The reply should hold nothing except the lines from the one with "Y de segundo, unas" through the end of the entries, duplicated exactly and with no pictures.

[Records from a dataset]
____________________
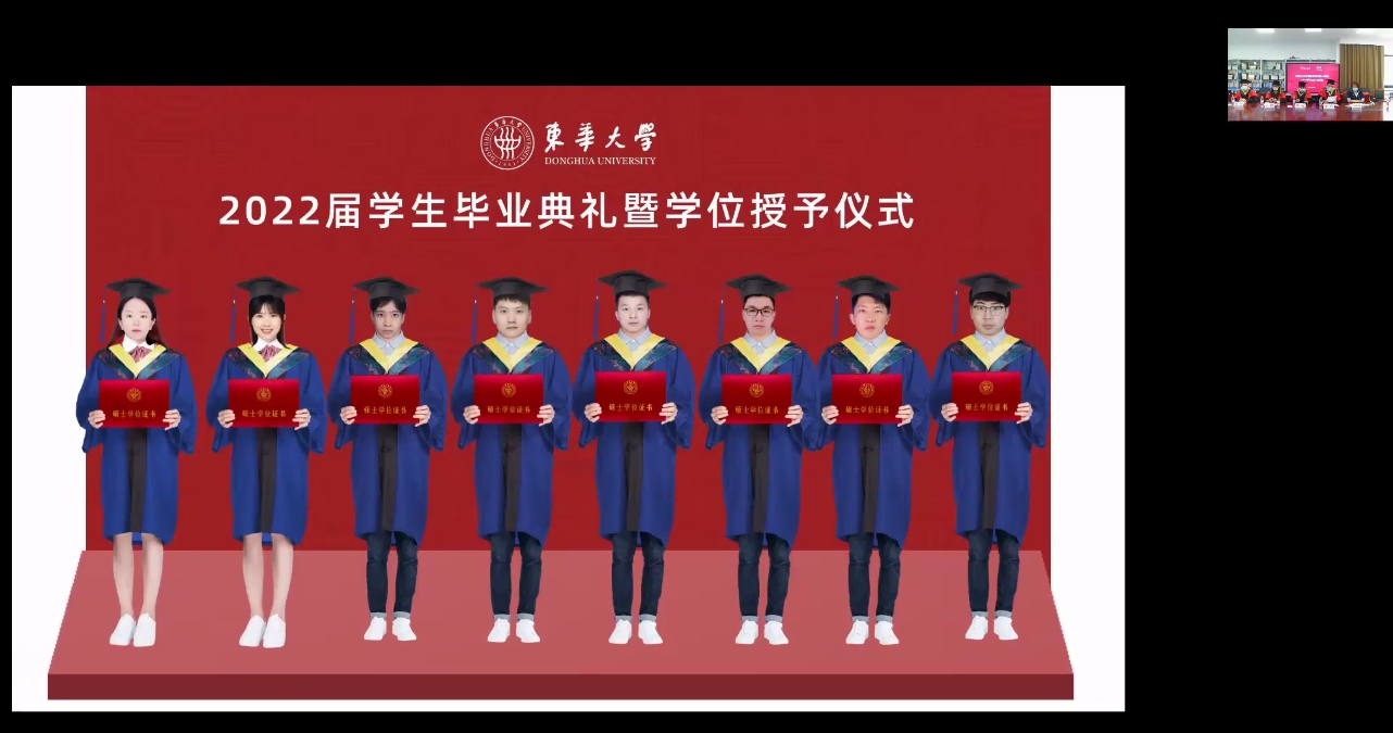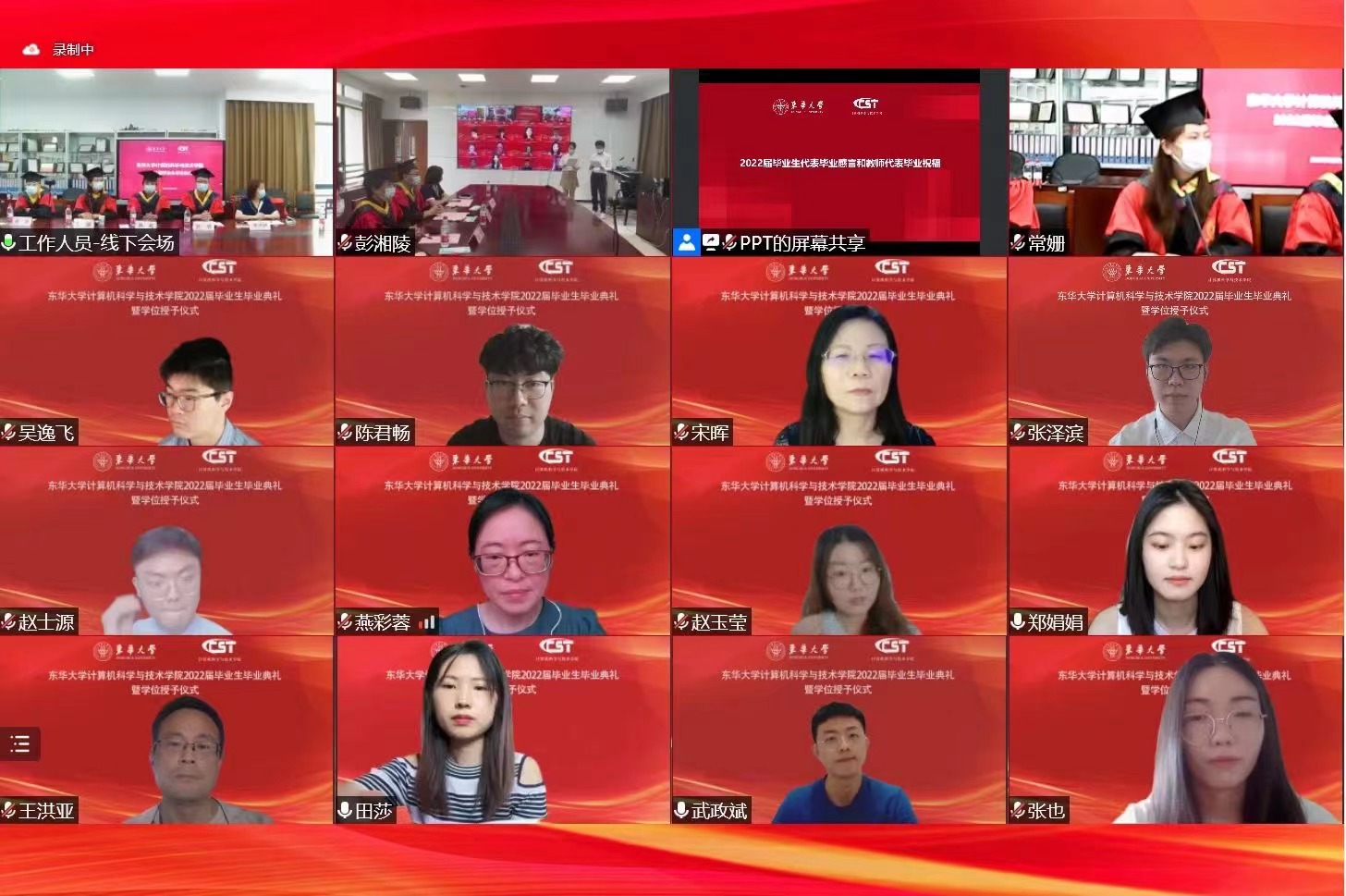 在学位授予环节中,由计算机学院副院长杜明宣读东华大学硕士学位评定委员会学位授予的决定,由计算机学院副院长石秀金宣读东华大学学士学位评定委员会学位授予的决定,并为每位毕业生进行了线上授予学位仪式。
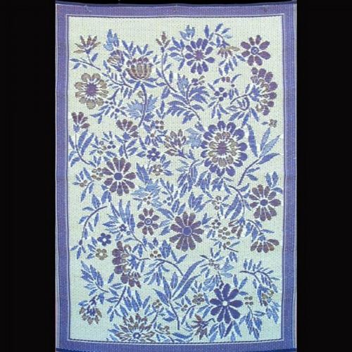 4' × 6' Wildflower outdoor carpet mat in Egg Plant color. Totally durable for outdoors. Made of 98% recycled plastic. Great for patios, outdoor spaces and pool sides. Resistant to rain, snow and sun all year round. Just hose it down with water for cleaning. Colors UV treated and resistant to sun. Sold in one solid piece. Each side is equally stunning. Completely weather proof, mold and rot resistant.
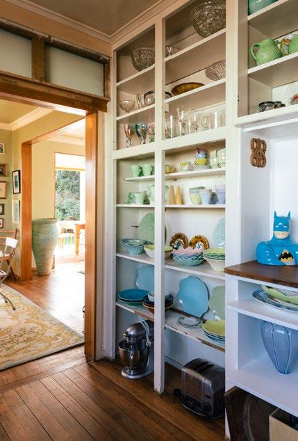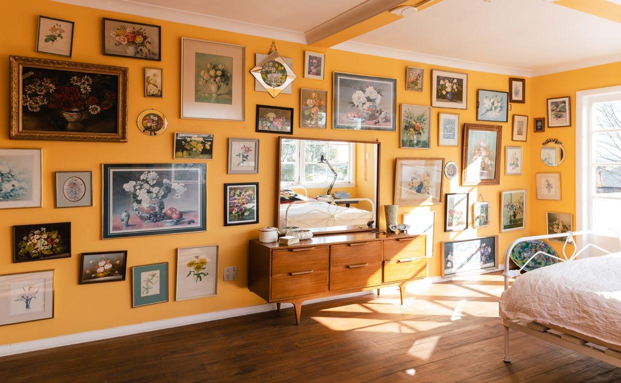 1. As a ceramic artist, Kirsten’s home features many pieces of her art. The birds are part of her ‘Dawn Silence’ series. 2. Norton enjoys sitting in the sun looking out over the garden. 3. Kirsten makes the most of the sunlight in the living room and frequently rearranges the furniture to suit the time of year. 4. The open kitchen shelving features Kirsten’s colourful ceramic pieces. 5. It’s no wonder Kirsten’s favourite room of the house is her bright and sunny bedroom, with her impressive collection of flower paintings on the walls.
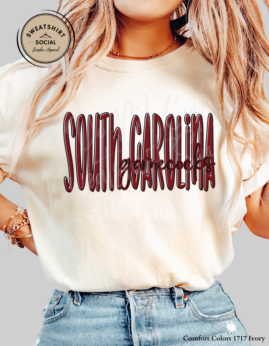 South Carolina Gamecocks Lettered Look Tee or Sweatshirt – Adult Sizes
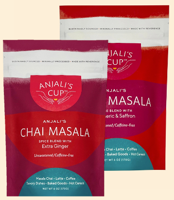 Anjali’s Cup’s authentic, Ayurveda-inspired turmeric and chai blends are made with organically grown spices and tea, making them easy to incorporate into daily consumption.
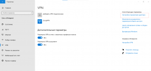 6. Вернитесь на страницу VPN подключений и нажмите на “Настройка параметров адаптера”
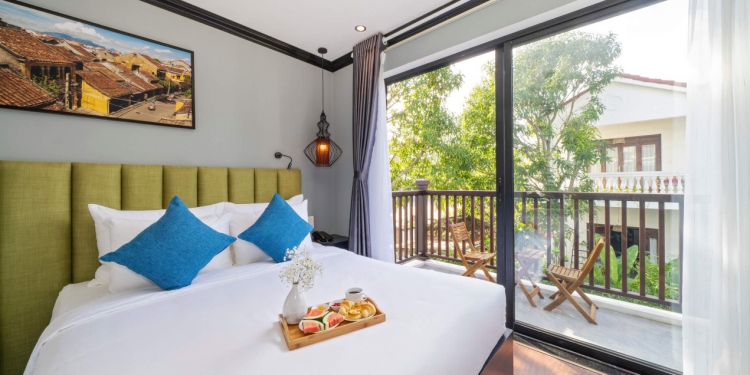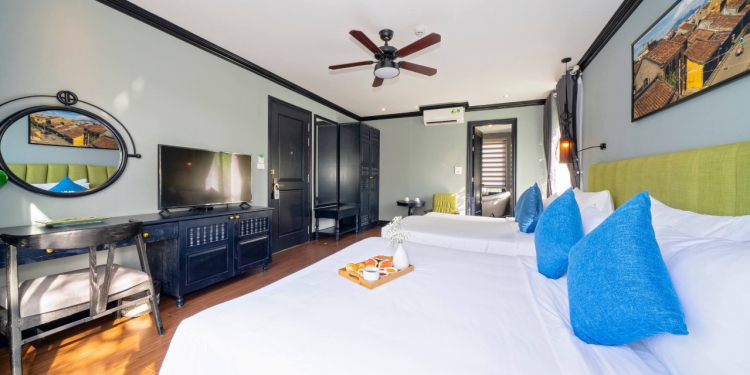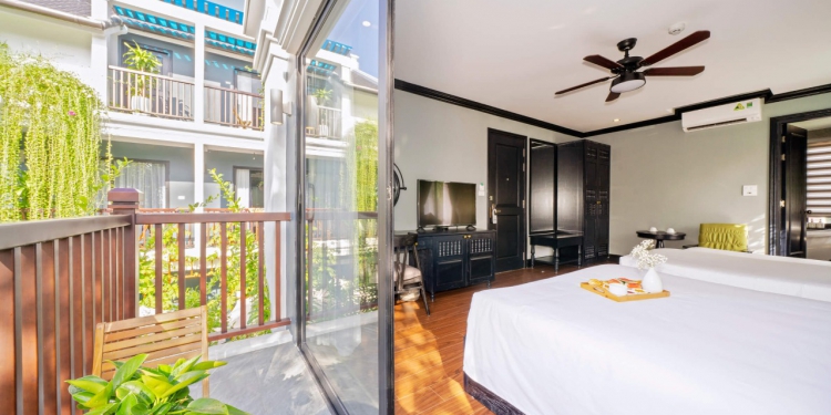 Possessing a spacious balcony and windows with picturesque views of the pool and neighborhood, the open-plan design Deluxe Triple with Balcony is an ideal choice for a group of traveller or small family looking for great comfort and convenience at An Bang Beach. This room comes with a king size bed, an en-suite bathroom with separate rainforest shower and tub and a sitting area. An extra rollaway bed is available upon your request.
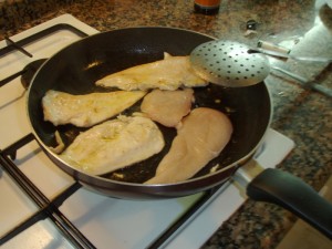 Y de segundo, unas pechugas de pollo caramelizadas con salsa de soja y acompañadas de unas patatas fritas con ajos.
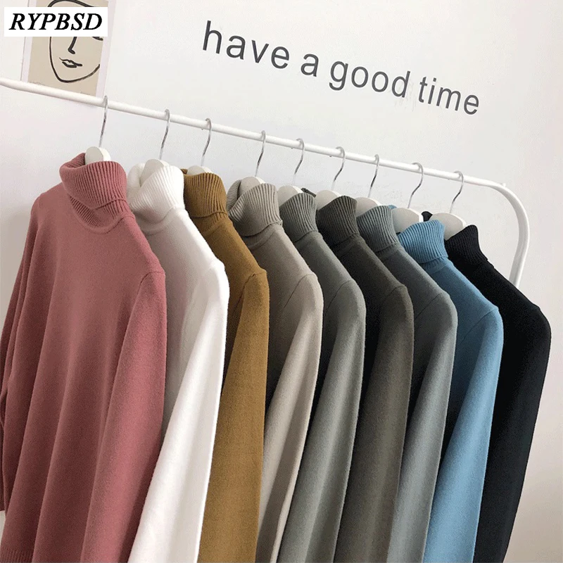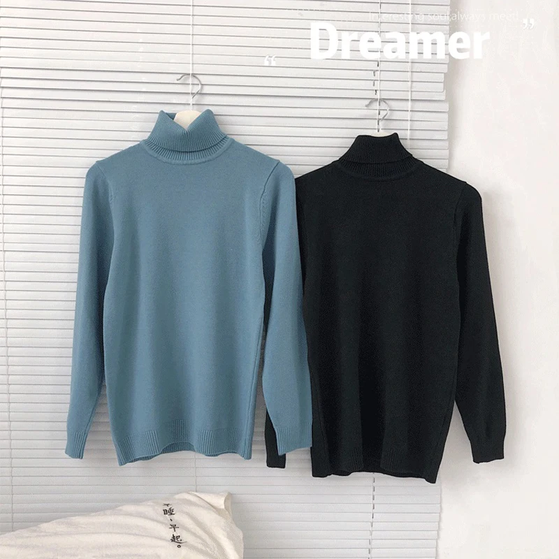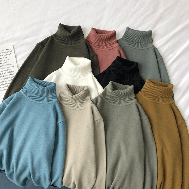 Мужской трикотажный свитер-водолазка, однотонный теплый мягкий эластичный шерстяной пуловер в Корейском стиле, зима 2022
____________________
— WRITTEN REPLY —
 Y de segundo, unas pechugas de pollo caramelizadas con salsa de soja y acompañadas de unas patatas fritas con ajos.
 Мужской трикотажный свитер-водолазка, однотонный теплый мягкий эластичный шерстяной пуловер в Корейском стиле, зима 2022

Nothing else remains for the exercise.